Newsletter #2: The System Works
- rjerisman

- Jun 2
- 2 min read
-Just not the way we intended.
“The system is broken,” is a misunderstanding. It may not be creating the outcomes we intended but if it’s creating outcomes, then the system is functioning. Forget the intentions for the moment. Getting hung up in “should” blinds us to what is.
Rule number one of systems thinking: The results tell you what the system actually does.
Take a snapshot of the current results of Wisconsin’s food and agricultural system for a moment:
-Wisconsin exported $406 million worth of dairy products in 2024.
-It exported even more ($484 million) “Sauces and Yeasts” that year.
-In 2022, Wisconsin had almost 8% of its cropland in cover crops -the highest percentage in the nation.
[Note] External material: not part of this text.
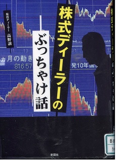 ディーラーの採用試験は500万円の枠を与えられ、それで相場を張り、三ヵ月後、一月でも150万円の利益を出せたら、合格だそうです。高野譲も会社に入る前は個人的にデイトレーダーをやっており、この会社でもなかなかの成績を残しているようです。どこの証券会社も同じで、瞬間利食いを行い、ちょっとでも高くなったらすぐ売り、それを繰り返すのだそうです。1円、2円でも、元の資金が億であれば何十万にもなるのでしょう。そのためにはマウスのクリック力が必要となります。経済を知っているとか、有名大学を卒業しているかとは関係ありません。運動神経がとろいのではディーラーには不向きです。ディーラーの仕事もやがてコンピュータに取って代われるでしょう。現に多くのファンドがコンピュータにその仕事をまかしています。今からは多くの仕事がコンピュータに取って代わられます。いま三浦問題で大騒ぎになっている将棋界も、プロもパソコンのソフトに勝てなくなっています。奨励会を卒業し晴れてプロの4段になった人に対して、コンピュータ開発の大学の教授が、嘆かわしいことだ、このような不毛業種に就いても、将来はないだろうと言っていました。人間には創造力があり、コンピュータにはそれがないといっても、将棋程度ではプロでもハッとするような手を指してきます。勝つためのプログラミングではそんなに創造力も必要ではないかもしれません。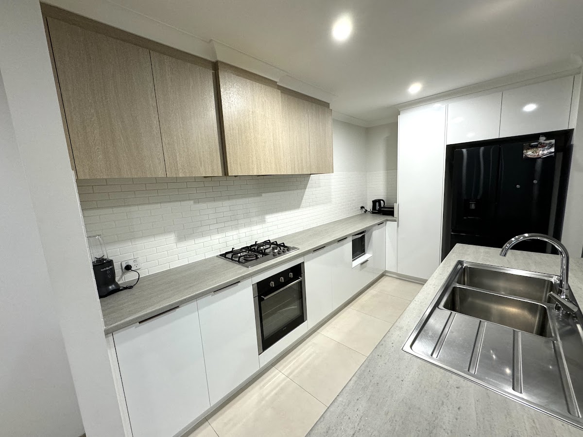 Galley kitchen with stone bench top and double sinks

The national percentage was 4.7%.
-Wisconsin has reduced phosphorus contamination but nitrate contamination in surface and ground water has increased.
-Wisconsin Farm bankruptcy rose 46% in 2025
-Wisconsin Lost 10% of its farms and 30% of its dairies from 2017 to 2022.
Those stats reflect a tiny sample of results of our food and agricultural system.
(If you know where to find more updated statistics, let me know)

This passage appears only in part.